When you reach the line containing "あいふおん 17 Pro", start transcribing exactly and continue through the last line of the data, skipping every picture.

■ Given records
········
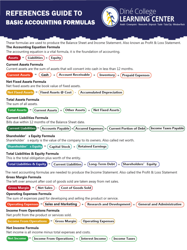 BASIC ACCOUNTING FORMULAS LEARNING CENTER
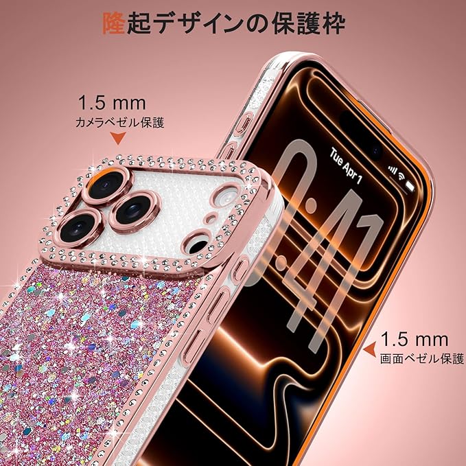 【画面とカメラの保護】:このきらきらした あいふおん 17 Pro Max 用スマホケースは、洗練された外観だけでなく、優れた保護性能も備えています。フレームがわずかに盛り上がっているため、画面とカメラレンズを机などに置いた時の傷や汚れから守ります。
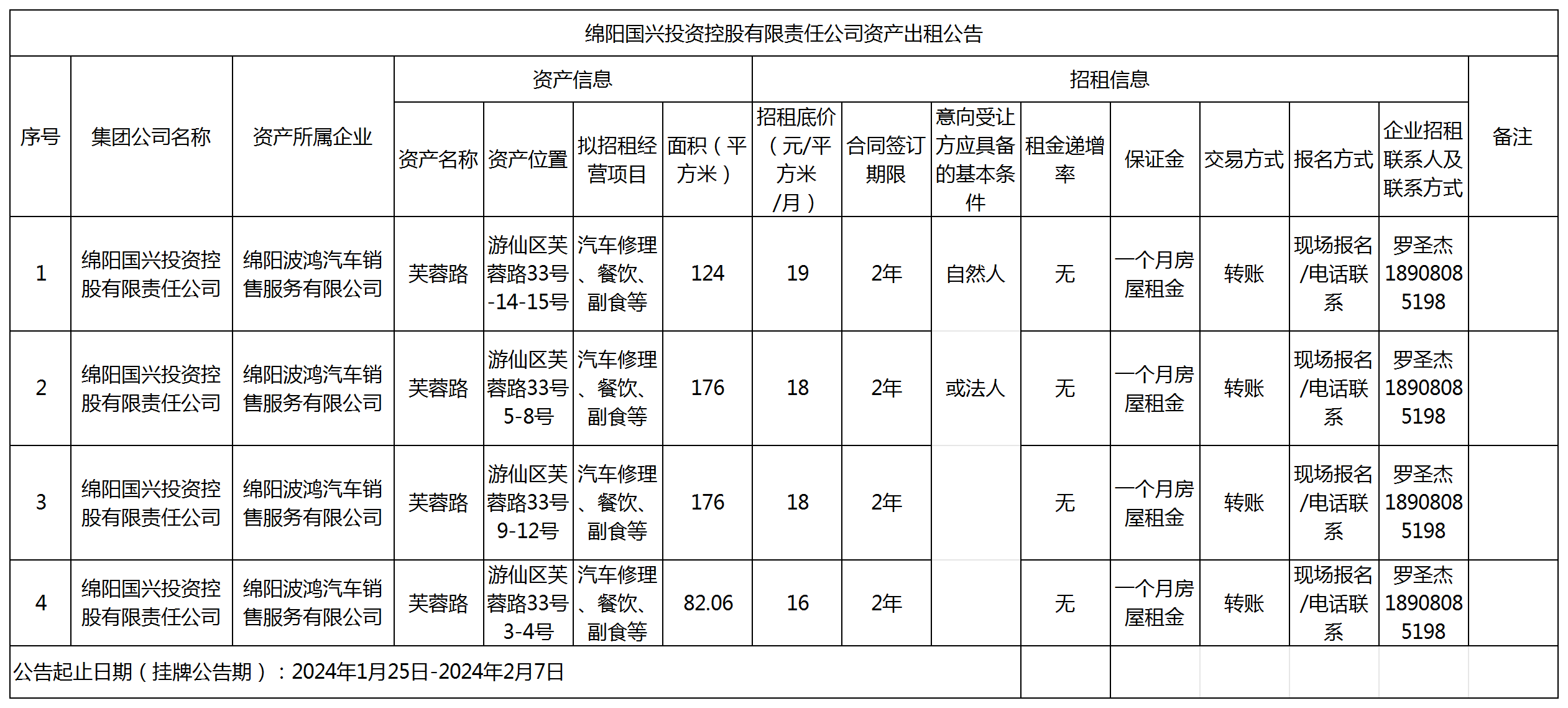 綿陽國興投資控股有限責(zé)任公司資產(chǎn)出租公告
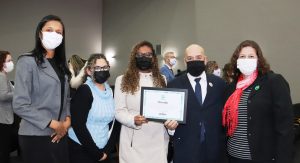 Também acompanharam a premiação, as chefes de Seção no Cadi, Allyne de Moura Silva e Franciele Alves Pereira, e a chefe da Divisão de Apoio Técnico Pedagógico na Sedu, Mirela Juliana Chagas.
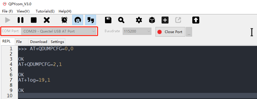 在模组正常运行时,打开QPYcom工具,“COM Port”选择“Quectel USB AT Port”,然后点击“Open port”。依次发送上述3条AT,如下所示:
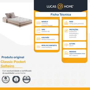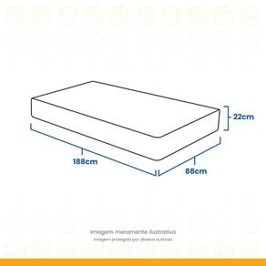**IMPORTANTE: IMAGENS MERAMENTE ILUSTRATIVAS. (A LUCAS HOME não trabalha com móveis planejados. Podendo haver pequenas variações nas medidas e cores do produto). **A LUCAS HOME não disponibiliza no momento o serviço de montagem, sendo de total responsabilidade do comprador. A LUCAS HOME Recomenda que a montagem seja feita por um profissional da área.**ATENÇÃO: Verifique se as dimensões dos produtos passam por elevadores, portas, escadas e corredores. A LUCAS HOME Não se responsabiliza pelo transporte dos produtos por escadas, guinchos, içamentos ou quaisquer outros meios específicos de transporte. Especificações Técnicas Colchão: - Tipo de Mola: Ensacada; - Proteções: Antiácaro - Antialérgico - Antifungo - Antimofo; - Acabamento: Bordado em Matelassê; - Matéria prima: Espuma/Molas/Tecido; - Tipo de conforto: Macio; - Peso máximo recomendado: até 120kg (por pessoa); - Garantia: 12 meses; - Dimensões do produto (largura x comprimento x altura) 88x188x22cm;
········
■ Response below
 【画面とカメラの保護】:このきらきらした あいふおん 17 Pro Max 用スマホケースは、洗練された外観だけでなく、優れた保護性能も備えています。フレームがわずかに盛り上がっているため、画面とカメラレンズを机などに置いた時の傷や汚れから守ります。
 綿陽國興投資控股有限責(zé)任公司資產(chǎn)出租公告
 Também acompanharam a premiação, as chefes de Seção no Cadi, Allyne de Moura Silva e Franciele Alves Pereira, e a chefe da Divisão de Apoio Técnico Pedagógico na Sedu, Mirela Juliana Chagas.
 在模组正常运行时,打开QPYcom工具,“COM Port”选择“Quectel USB AT Port”,然后点击“Open port”。依次发送上述3条AT,如下所示:
**IMPORTANTE: IMAGENS MERAMENTE ILUSTRATIVAS. (A LUCAS HOME não trabalha com móveis planejados. Podendo haver pequenas variações nas medidas e cores do produto). **A LUCAS HOME não disponibiliza no momento o serviço de montagem, sendo de total responsabilidade do comprador. A LUCAS HOME Recomenda que a montagem seja feita por um profissional da área.**ATENÇÃO: Verifique se as dimensões dos produtos passam por elevadores, portas, escadas e corredores. A LUCAS HOME Não se responsabiliza pelo transporte dos produtos por escadas, guinchos, içamentos ou quaisquer outros meios específicos de transporte. Especificações Técnicas Colchão: - Tipo de Mola: Ensacada; - Proteções: Antiácaro - Antialérgico - Antifungo - Antimofo; - Acabamento: Bordado em Matelassê; - Matéria prima: Espuma/Molas/Tecido; - Tipo de conforto: Macio; - Peso máximo recomendado: até 120kg (por pessoa); - Garantia: 12 meses; - Dimensões do produto (largura x comprimento x altura) 88x188x22cm;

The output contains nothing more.